## Given entries
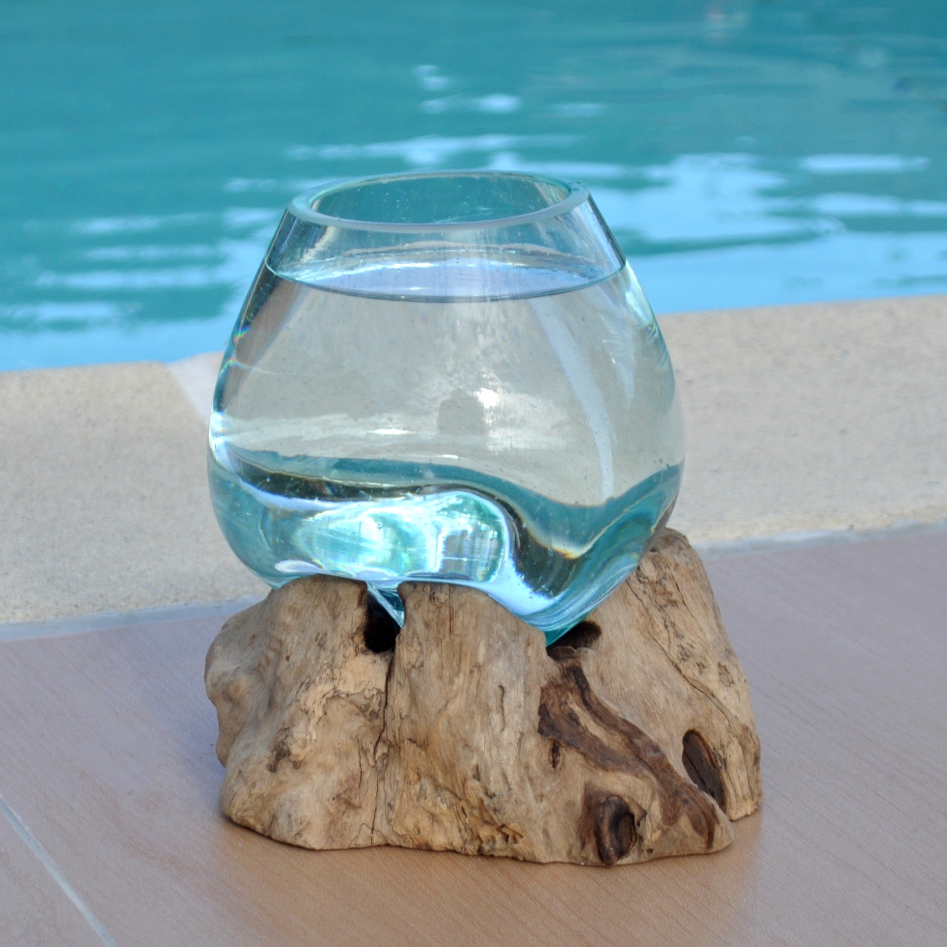 La pâte de verre provient de verre recyclé et est soufflée en fusion directement sur le bois.
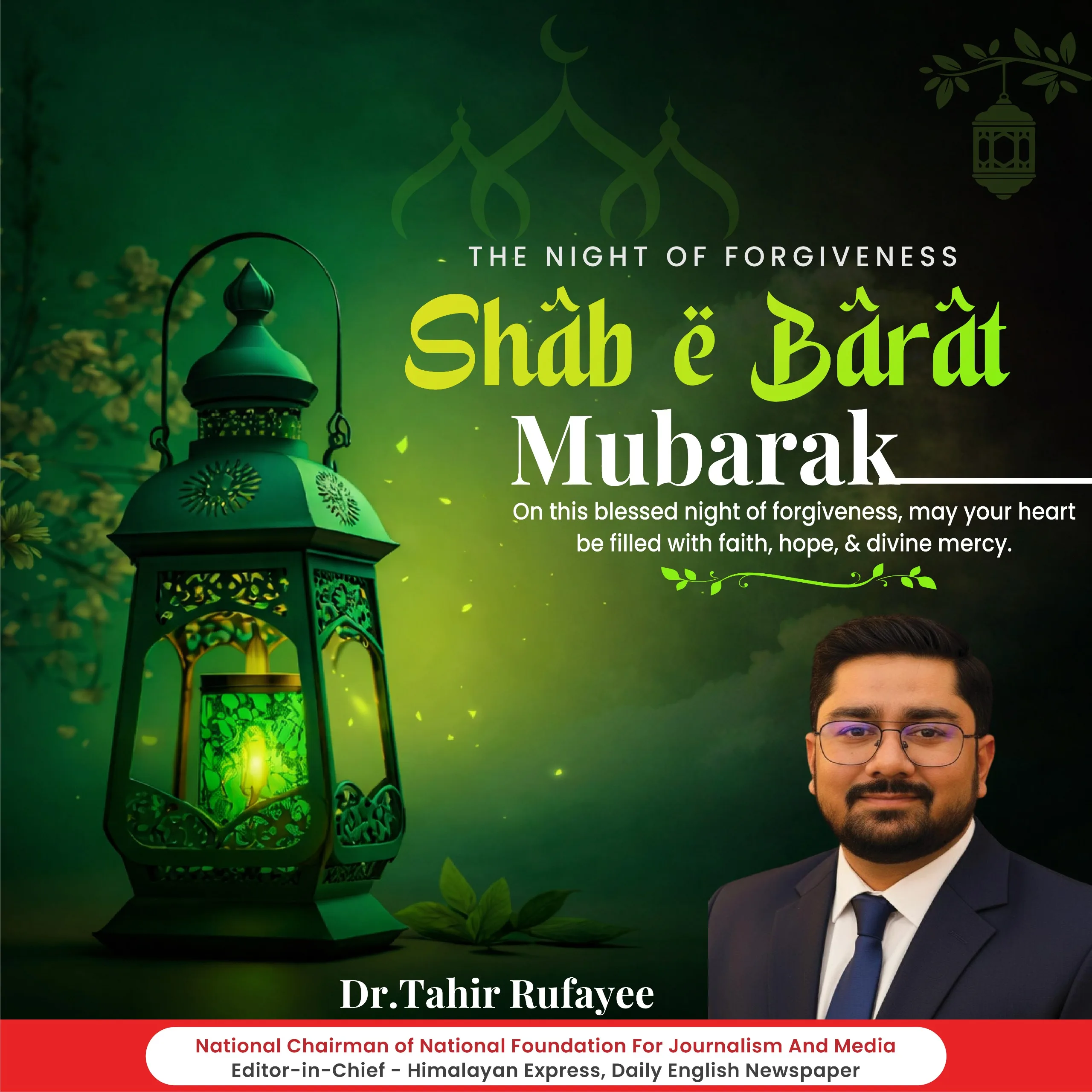 Jammu, 03 February: National Chairman of the National Foundation For Journalism and Media, Dr. Tahir Rufayee, has extended his heartfelt greetings to the people on the auspicious occasion of Shab-e-Barat.
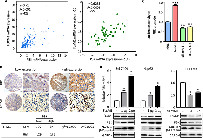 Figure 5: PBK is transcriptionally regulated by FoxM1. (A) The correlation of PBK and FoxM1 mRNA expression was determined in 423 cases in TCGA cohort (left panel) and 56 cases in our cohort (right panel). (B) The representative images of PBK and FoxM1 IHC staining were presented (top panel). The correlation between PBK and FoxM1 expression in 520 HCC tissues was determined and shown (bottom panel). (C) Luciferase assays were performed to effect of FoxM1 overexpression or knockdown on the activity of PBK promoter in Bel-7404 cells. (D) The effect of FoxM1 overexpression or knockdown on PBK expression was determined in HCC cells. All *P < 0.05, **P < 0.01.
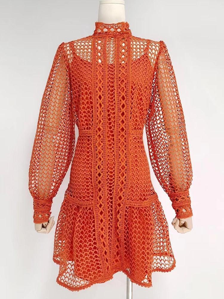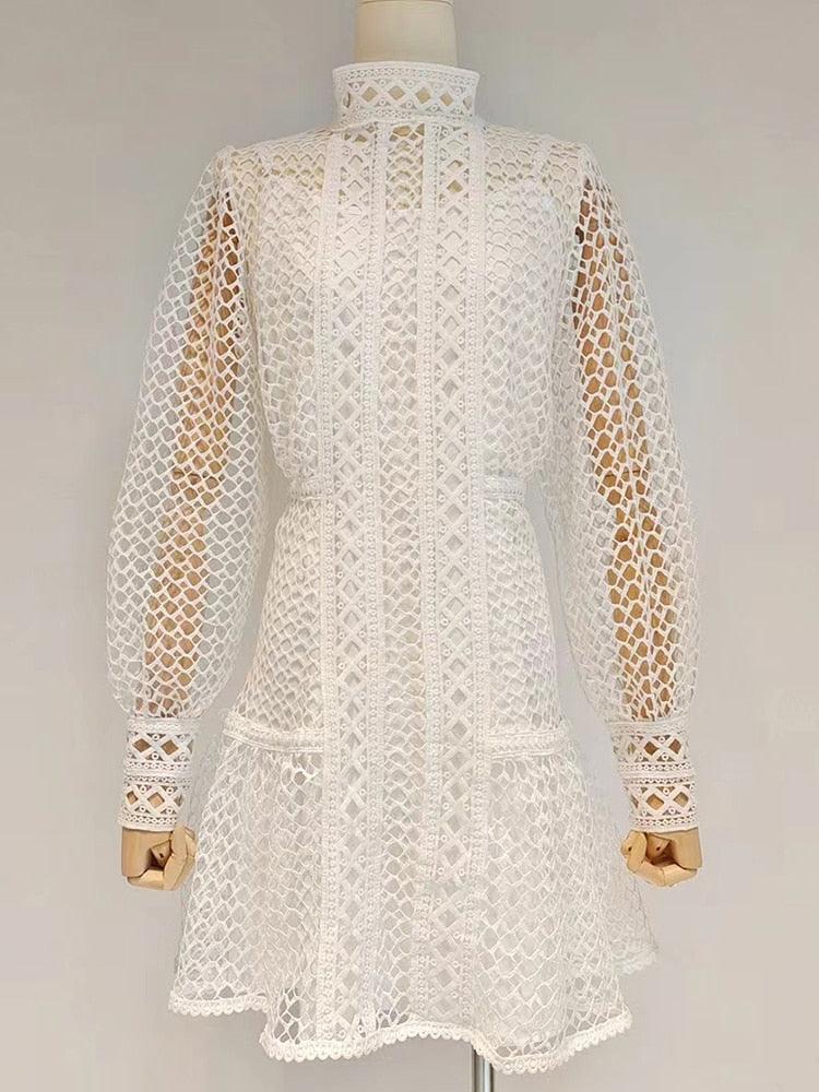 Elegant Lantern Sleeve Vintage Dress with Chic Stand Collar
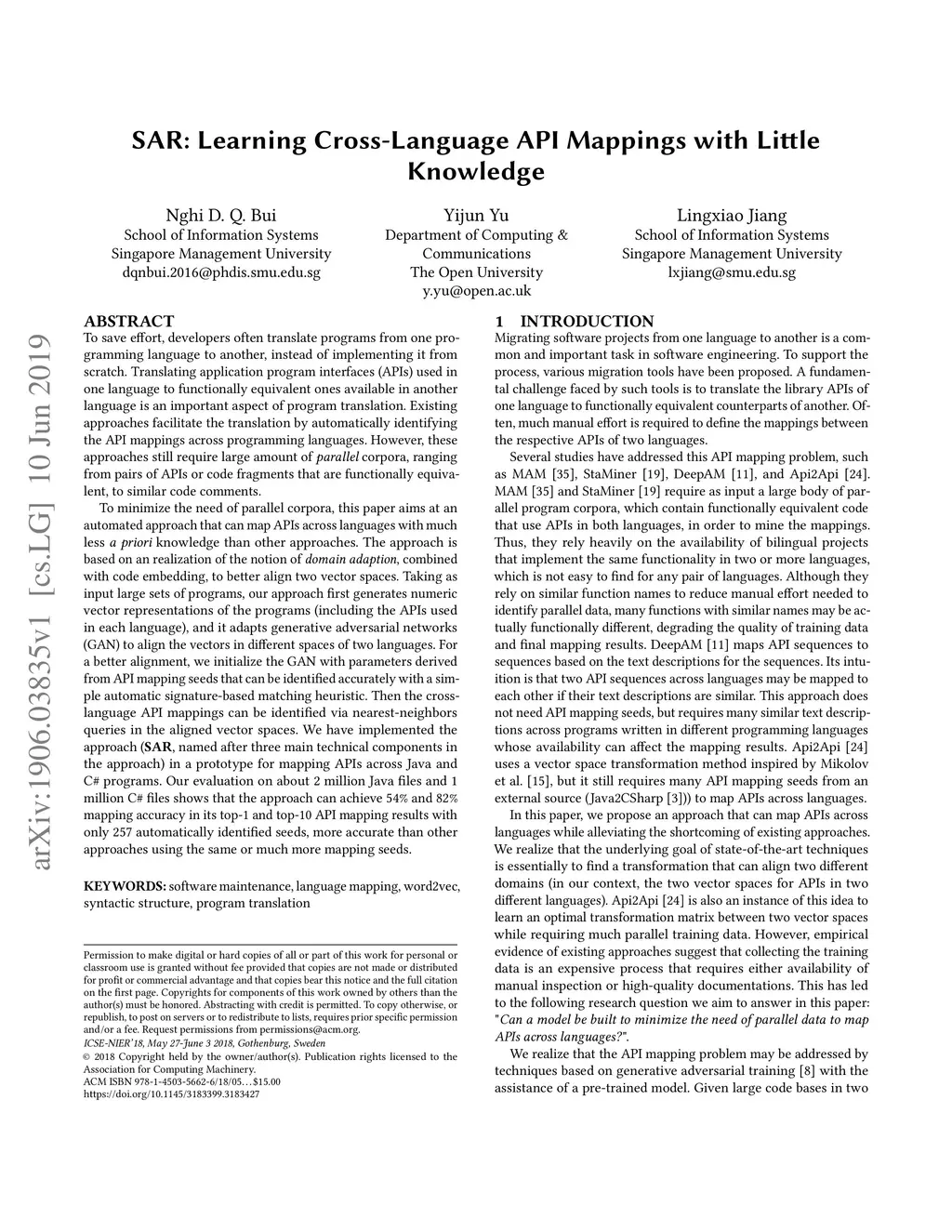 SAR: Learning Cross-Language API Mappings with Little Knowledge

## Requirement
Output the line that contains "Elegant Lantern Sleeve" and every subsequent line through the end of the entries, exactly as given, without pictures.

## Response box
 Elegant Lantern Sleeve Vintage Dress with Chic Stand Collar
 SAR: Learning Cross-Language API Mappings with Little Knowledge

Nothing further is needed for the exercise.